### PROBLEM TO SOLVE:
Go to the line below containing "今天,让我们重温1999年8" and print exactly from there through the line containing "Rose Rengi Gülen Yüz Çelik Kolye", both included. Print nothing else.

### MATERIAL SUPPLIED:
[Start of Attachment]

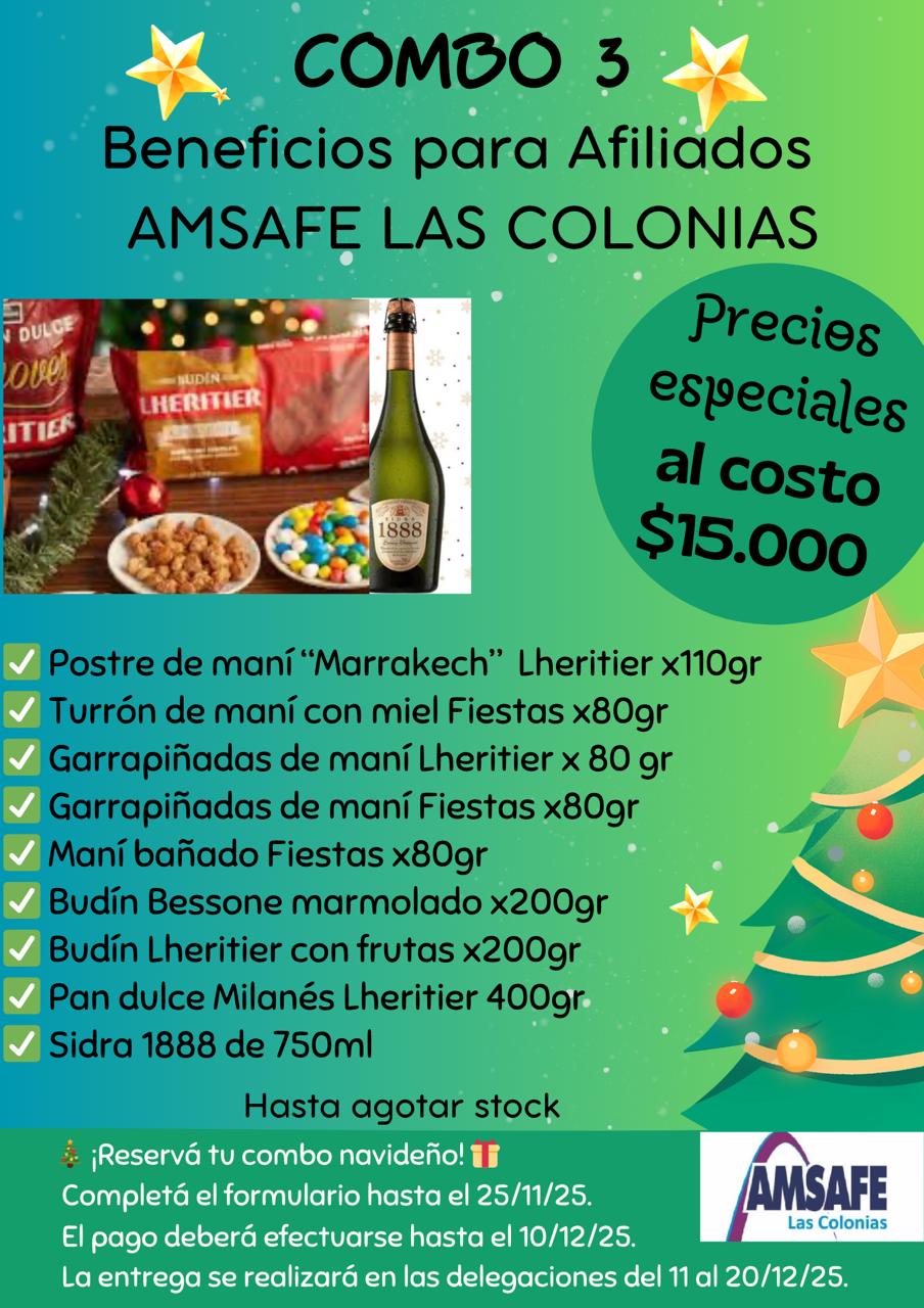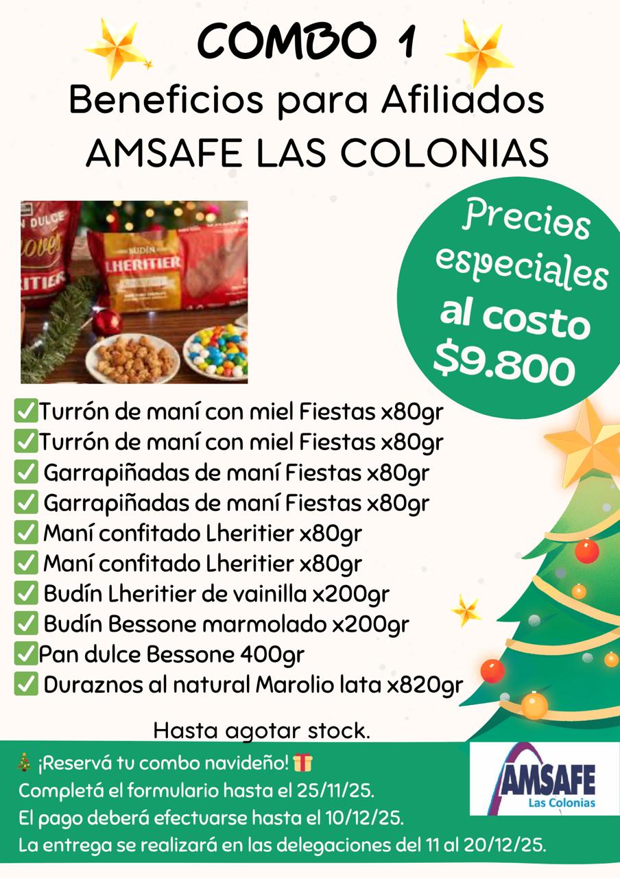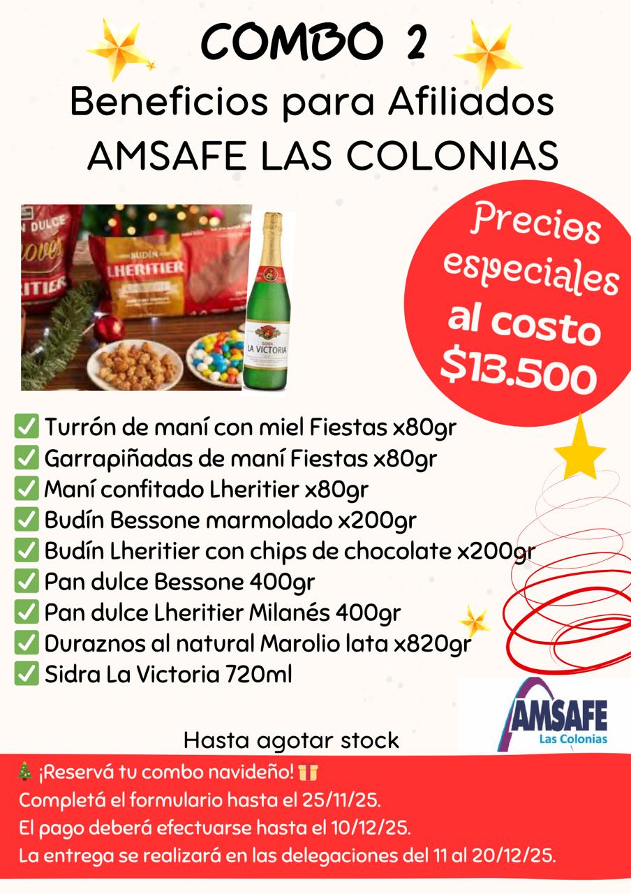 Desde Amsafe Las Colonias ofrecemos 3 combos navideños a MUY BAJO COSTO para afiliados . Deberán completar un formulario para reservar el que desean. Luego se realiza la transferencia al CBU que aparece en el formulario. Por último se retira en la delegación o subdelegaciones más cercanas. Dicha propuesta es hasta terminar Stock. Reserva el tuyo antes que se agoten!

[End of Attachment]
[Start of Attachment]

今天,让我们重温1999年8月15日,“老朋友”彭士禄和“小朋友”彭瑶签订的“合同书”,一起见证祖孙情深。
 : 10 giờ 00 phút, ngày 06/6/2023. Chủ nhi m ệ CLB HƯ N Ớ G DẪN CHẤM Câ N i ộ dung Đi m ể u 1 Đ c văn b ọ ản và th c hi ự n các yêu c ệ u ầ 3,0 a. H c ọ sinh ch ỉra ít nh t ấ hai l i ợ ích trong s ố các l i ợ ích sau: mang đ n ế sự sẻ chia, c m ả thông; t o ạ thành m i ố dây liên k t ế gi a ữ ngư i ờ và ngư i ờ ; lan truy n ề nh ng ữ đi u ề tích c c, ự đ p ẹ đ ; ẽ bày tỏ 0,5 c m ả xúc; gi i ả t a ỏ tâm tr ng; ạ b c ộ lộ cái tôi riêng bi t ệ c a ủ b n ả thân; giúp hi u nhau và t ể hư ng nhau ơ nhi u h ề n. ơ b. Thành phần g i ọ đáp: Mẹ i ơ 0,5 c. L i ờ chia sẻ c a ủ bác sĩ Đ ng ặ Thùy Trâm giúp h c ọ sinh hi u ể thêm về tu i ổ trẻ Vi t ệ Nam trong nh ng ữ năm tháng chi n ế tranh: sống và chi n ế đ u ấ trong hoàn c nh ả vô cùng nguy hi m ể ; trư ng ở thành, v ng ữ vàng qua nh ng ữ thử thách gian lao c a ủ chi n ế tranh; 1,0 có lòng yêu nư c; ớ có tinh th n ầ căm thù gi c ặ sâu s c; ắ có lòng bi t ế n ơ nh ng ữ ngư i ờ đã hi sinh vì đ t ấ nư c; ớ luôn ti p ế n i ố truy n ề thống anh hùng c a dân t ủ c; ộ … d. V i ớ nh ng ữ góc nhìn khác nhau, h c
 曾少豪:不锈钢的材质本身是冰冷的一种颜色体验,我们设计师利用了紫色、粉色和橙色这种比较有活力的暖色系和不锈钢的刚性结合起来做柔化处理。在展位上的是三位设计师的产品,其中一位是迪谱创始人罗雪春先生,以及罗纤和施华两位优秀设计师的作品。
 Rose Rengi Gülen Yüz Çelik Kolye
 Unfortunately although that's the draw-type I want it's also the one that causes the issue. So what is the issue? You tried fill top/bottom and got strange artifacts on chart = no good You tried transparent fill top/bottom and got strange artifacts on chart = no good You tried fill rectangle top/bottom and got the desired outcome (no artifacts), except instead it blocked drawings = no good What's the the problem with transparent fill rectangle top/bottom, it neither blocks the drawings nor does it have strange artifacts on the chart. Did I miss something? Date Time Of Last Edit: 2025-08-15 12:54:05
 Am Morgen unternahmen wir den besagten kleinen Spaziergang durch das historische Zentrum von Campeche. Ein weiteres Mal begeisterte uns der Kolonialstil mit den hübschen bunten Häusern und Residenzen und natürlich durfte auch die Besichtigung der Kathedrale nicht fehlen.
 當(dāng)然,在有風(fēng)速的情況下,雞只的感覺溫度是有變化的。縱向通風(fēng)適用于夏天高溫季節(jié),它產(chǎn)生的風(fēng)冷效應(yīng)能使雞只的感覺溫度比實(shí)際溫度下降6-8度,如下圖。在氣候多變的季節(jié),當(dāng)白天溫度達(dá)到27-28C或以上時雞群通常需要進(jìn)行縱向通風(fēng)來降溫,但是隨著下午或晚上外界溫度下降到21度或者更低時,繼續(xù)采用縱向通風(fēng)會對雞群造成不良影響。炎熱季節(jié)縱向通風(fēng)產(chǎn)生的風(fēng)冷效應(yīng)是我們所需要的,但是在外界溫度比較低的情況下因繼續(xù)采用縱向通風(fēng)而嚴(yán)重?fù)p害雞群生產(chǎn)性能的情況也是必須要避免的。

[End of Attachment]
[Start of Attachment]

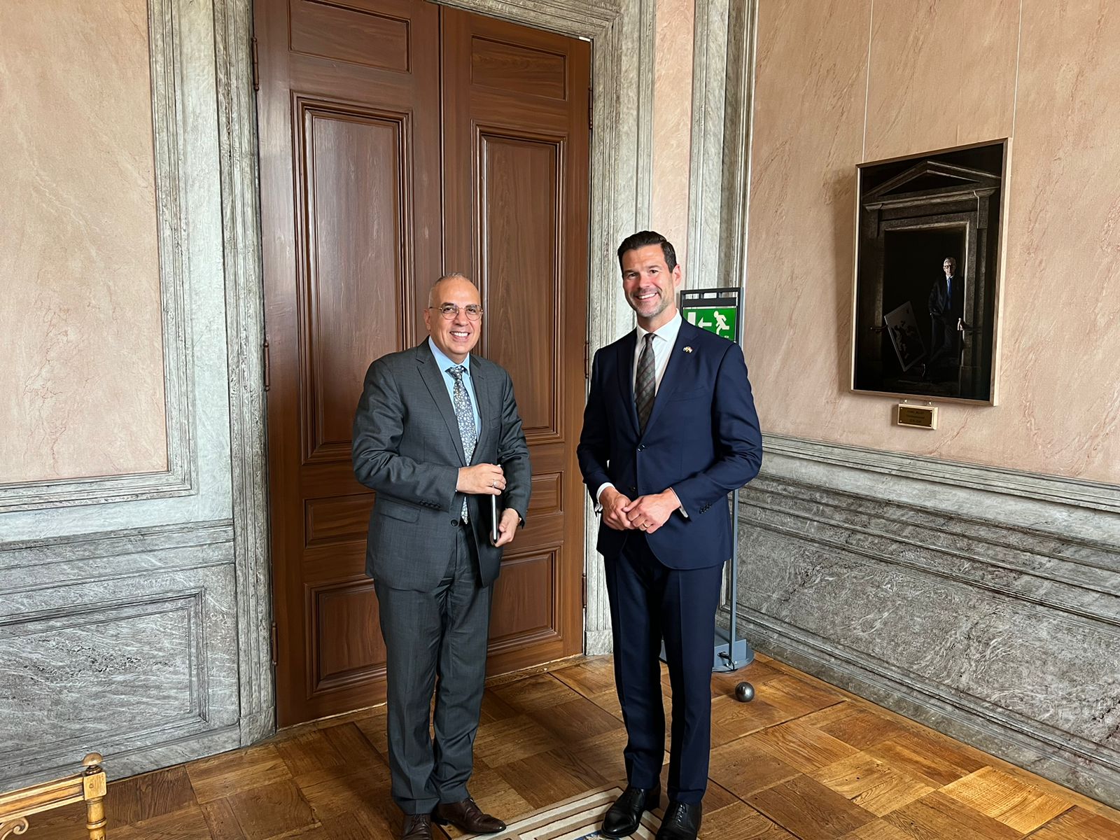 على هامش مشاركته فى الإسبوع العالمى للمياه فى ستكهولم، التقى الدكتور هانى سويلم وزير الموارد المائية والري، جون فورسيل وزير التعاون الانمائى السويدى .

[End of Attachment]

### ANSWER BOX:
今天,让我们重温1999年8月15日,“老朋友”彭士禄和“小朋友”彭瑶签订的“合同书”,一起见证祖孙情深。
 : 10 giờ 00 phút, ngày 06/6/2023. Chủ nhi m ệ CLB HƯ N Ớ G DẪN CHẤM Câ N i ộ dung Đi m ể u 1 Đ c văn b ọ ản và th c hi ự n các yêu c ệ u ầ 3,0 a. H c ọ sinh ch ỉra ít nh t ấ hai l i ợ ích trong s ố các l i ợ ích sau: mang đ n ế sự sẻ chia, c m ả thông; t o ạ thành m i ố dây liên k t ế gi a ữ ngư i ờ và ngư i ờ ; lan truy n ề nh ng ữ đi u ề tích c c, ự đ p ẹ đ ; ẽ bày tỏ 0,5 c m ả xúc; gi i ả t a ỏ tâm tr ng; ạ b c ộ lộ cái tôi riêng bi t ệ c a ủ b n ả thân; giúp hi u nhau và t ể hư ng nhau ơ nhi u h ề n. ơ b. Thành phần g i ọ đáp: Mẹ i ơ 0,5 c. L i ờ chia sẻ c a ủ bác sĩ Đ ng ặ Thùy Trâm giúp h c ọ sinh hi u ể thêm về tu i ổ trẻ Vi t ệ Nam trong nh ng ữ năm tháng chi n ế tranh: sống và chi n ế đ u ấ trong hoàn c nh ả vô cùng nguy hi m ể ; trư ng ở thành, v ng ữ vàng qua nh ng ữ thử thách gian lao c a ủ chi n ế tranh; 1,0 có lòng yêu nư c; ớ có tinh th n ầ căm thù gi c ặ sâu s c; ắ có lòng bi t ế n ơ nh ng ữ ngư i ờ đã hi sinh vì đ t ấ nư c; ớ luôn ti p ế n i ố truy n ề thống anh hùng c a dân t ủ c; ộ … d. V i ớ nh ng ữ góc nhìn khác nhau, h c
 曾少豪:不锈钢的材质本身是冰冷的一种颜色体验,我们设计师利用了紫色、粉色和橙色这种比较有活力的暖色系和不锈钢的刚性结合起来做柔化处理。在展位上的是三位设计师的产品,其中一位是迪谱创始人罗雪春先生,以及罗纤和施华两位优秀设计师的作品。
 Rose Rengi Gülen Yüz Çelik Kolye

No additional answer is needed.